The notes of Islands’ quirky guitar riff at the beginning are the hundreds of passes Xavi will make when they play in a few minutes time. Pum-pum-pum. Of course the notes are syncopated to confuse the opposition. The riff is repeated. The notes are ‘forever looking for space’. Here? No. There? Repeated again.

Romy Madley’s voice comes over the top as Iniesta imagines running into the space. There is time. The song has patience. There is no need to force it. At some point the voice’s melody and the guitar’s bassline will become congruent and the players will unlock the defence.

Then, fifty seconds in, something changes. A bit of space. The bassline picks a chord. Xavi picks a pass – still syncopated, but Iniesta knows this. After 65 seconds, there is a guitar line which descends down and down, almost inevitably, as the lock is slowly unpicked. The congruence of the two parts, the foundation and the event, is complete and cannot be reversed. This musical theme is repeated. The first fifty seconds do not need to be repeated.

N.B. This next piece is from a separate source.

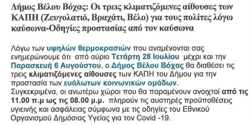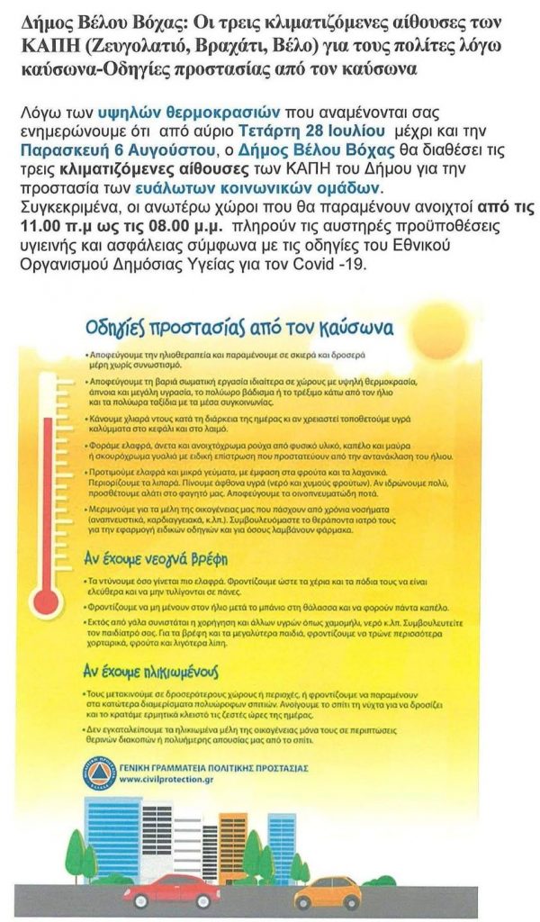 ΔΗΜΟΣ ΒΕΛΟΥ-ΒΟΧΑΣ Δήμος Βέλου Βόχας: Οι τρεις κλιματιζόμενες αίθουσες των ΚΑΠΗ για τους πολίτες λόγω καύσωνα-Οδηγίες προστασίας από τον καύσωνα By 8eCUgvCwsa 27/July/2021 ShareTweet 0

After 140 seconds, there is the completion of the move, and after 157 seconds the ball is hit into the net with Romy Madley’s final ‘explore’. All this while both players are sitting in the dressing room listening to this song, looking directly at each other and imagining exactly the same attacking move in their heads which they will perform later. They nod their heads at each other, and quietly get changed.